What does your client mean by that statement? What is he experiencing? Are you experiencing a positive and accepting attitude toward however your client is at that moment?
Positive regard is not toward the client’s potential for growth. Positive regard is you prizing your client at this moment, who they are now, not who they might be in the future.
We build our client’s agency when we accept what our clients are saying and feeling and collaborate with them to achieve their goals. The conditions of growth – unconditional positive regard, congruence, and empathic understanding – drives our therapeutic strategies forward. They are important regardless of the modality you are using, as they address the person we are and how we relate to our clients.

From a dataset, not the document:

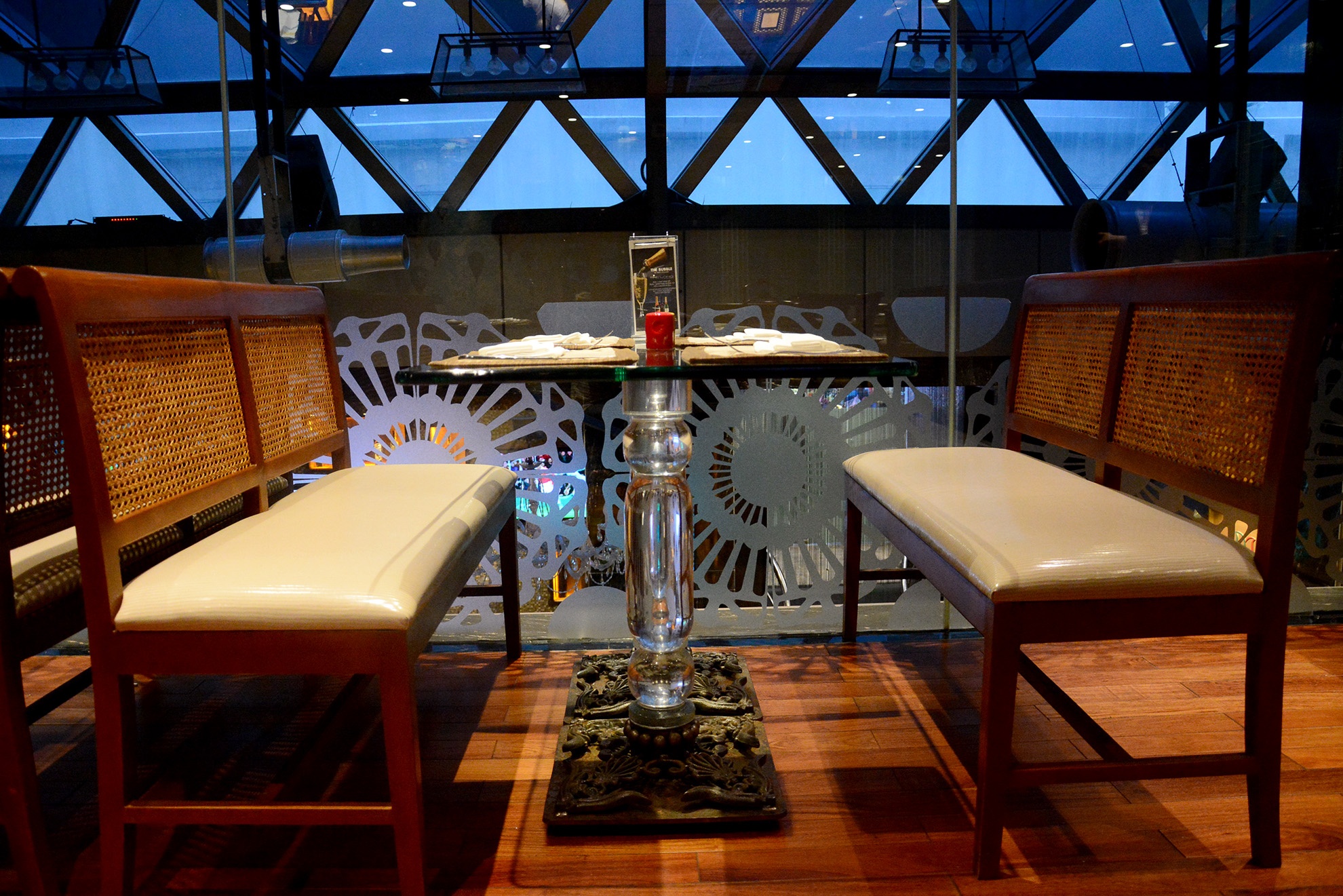 Tại tầng một có một bộ bàn ghế được thực khách quen gọi là "góc riêng tư và đẹp nhất quán". Đó là chỗ ngồi khuất sau bức tường giả gần cửa sổ, nơi bạn có thể chiêm ngưỡng toàn bộ vẻ đẹp của cả hai tầng. |

Note: I think very few people are really doing “pure” Rogerian person centered therapy. I have found it very useful to read the transcripts of his sessions and to watch his videos to understand how he conducts therapy. You can find these recordings and the transcripts online.
There is also a great article by Lietaer & Gundrum (2018). They analysed Rogers’ responses in therapy and found that the majority of his responses were responses of empathic understanding – “restatement of narrative aspects, reflection of expressed feelings, reflection of underlying feelings and checking questions”. He used “confrontation” sparingly – only about 1% of the time.
Lietaer, G., & Gundrum, M. (2018). His master’s voice: Carl Rogers’ verbal response modes in therapy and demonstration sessions throughout his career. A quantitative analysis and some qualitative-clinical comments. Person-Centered & Experiential Psychotherapies, 17(4), 275-333.)